Вся деревня высыпала нам навстречу: Павлина Степановна, восьмидесятишестилетняя баба Сира с двумя клюками и Мария Дормидонтовна Муханова, мать Лизы. У всех троих глаза были красными от слез, и, увидев Егорыча, они разом завыли, запричитали, а Павлина Степановна — громче всех. Истошный крик висел в воздухе. Мы еще не поняли, в чем дело, но сердцем почуяли: беда!
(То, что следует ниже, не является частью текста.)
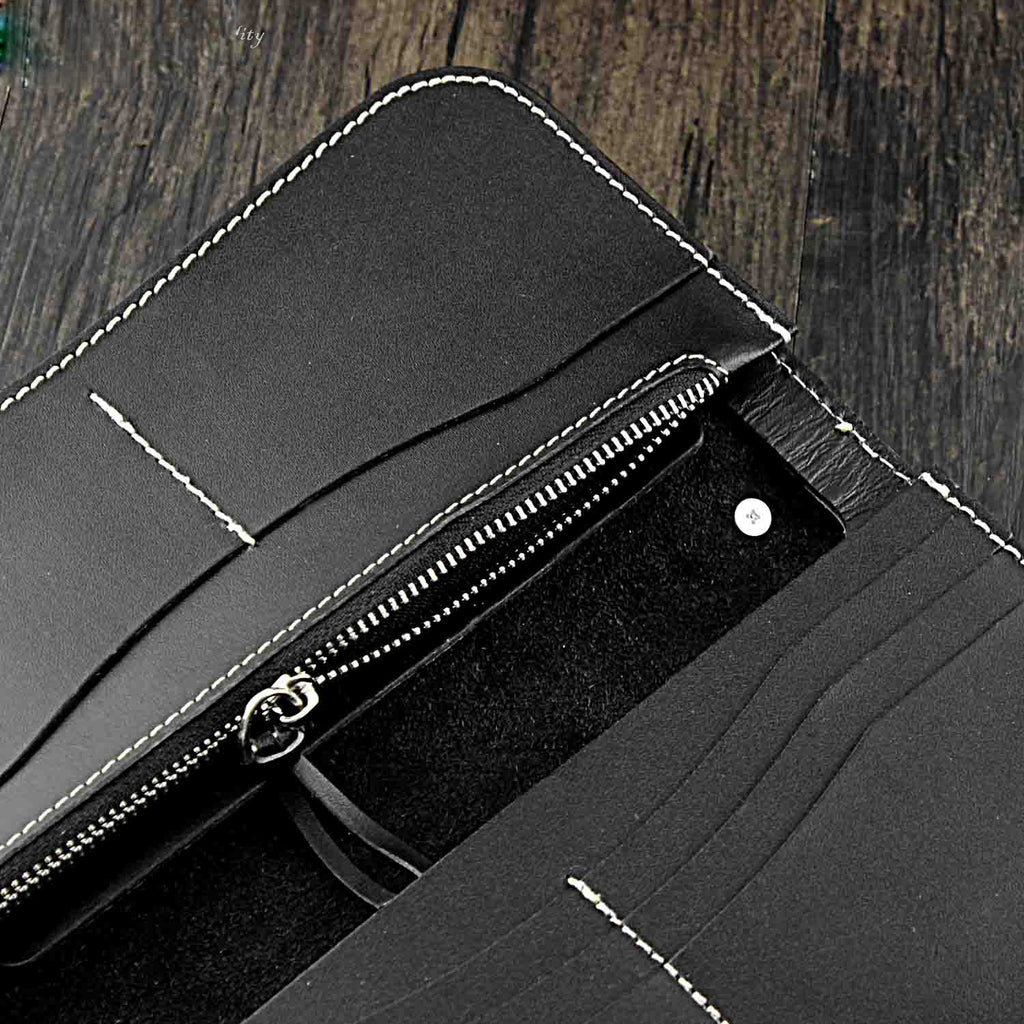 Design: Badass Black Leather Men's Long Biker Chain Wallet Long Wallet Chain For Men
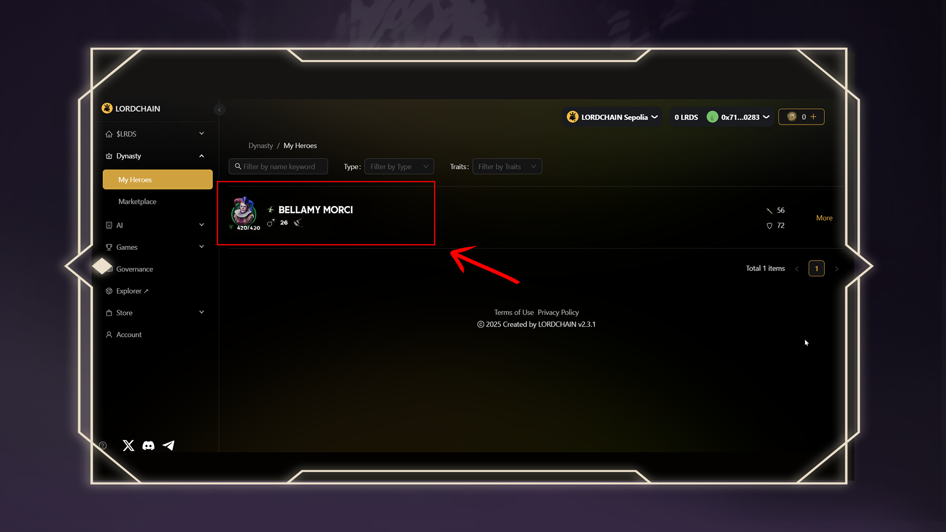 ### 👑 Step 6: Check Your Hero on LORDCHAIN
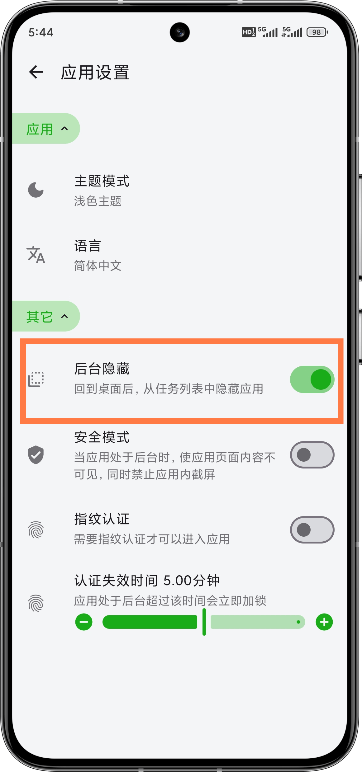| Enable background hiding | |
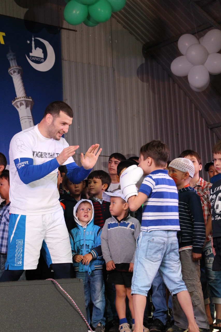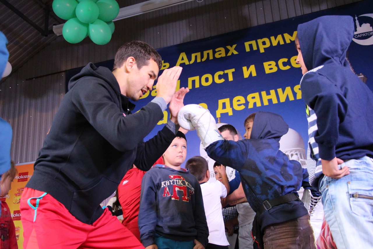 Выступления знаменитых саратовских спортсменов, чемпионов мира Саида-хаджи Детхаджиева, Артема Чеботарева и Даци Дациева были не менее привлекательны. Сначала они продемонстрировали для всех мастерство и талант в боевых искусствах, а затем провели мастер-классы для своих юных друзей. Дети, особенно мальчишки, восхищались импровизированной тренировкой. Они смогли примерить боксерские перчатки и испытать их на чемпионах.

— Ограбили!.. В сенцы залезли, дьяволы!.. Все затайки обшарили, и обои ободрали... Вот какие нынче злыдни пошли!.. Опять придется сиротску корочку глодать!.. — Хватая ртом воздух, не обращая внимания на слезы, которые катились по их усохшим лицам, старухи буквально повисли на Егорыче. Уж сколько они на него помоев вылили и сколько его косточек перетерли острыми, наждачными язычками, а пришла беда — и все бросились к нему, последнему крестьянину и защитнику умирающей деревни. Выговориться им надо и выплакаться.

Доконало старух не то, что свершилось некое воровство, — мало ли краж кругом? всегда кто-нибудь кого-то чистит! — а то, что залезли в самое, казалось бы, неподходящее для жулья время, когда Павлина Степановна отлучилась всего-то на час-полтора. Пошла к тетке Марье Мухановой за солью, заболталась маленько, а вернулась — и ахнула. Открытые настежь двери... взломанные сундуки... ободранные обои. И овцы с коровой по двору гуляют!.. Прямо от четыркинского дома в сторону леса уходит свежий лыжный след.

— А чё унесли-то? — пытается добиться Егорыч.

— Да вроде все цело, — оправдывается жена, утирая глаза концом платка, и пытается улыбнуться. — Токо вот разбой учинили, деньги, видать, искали...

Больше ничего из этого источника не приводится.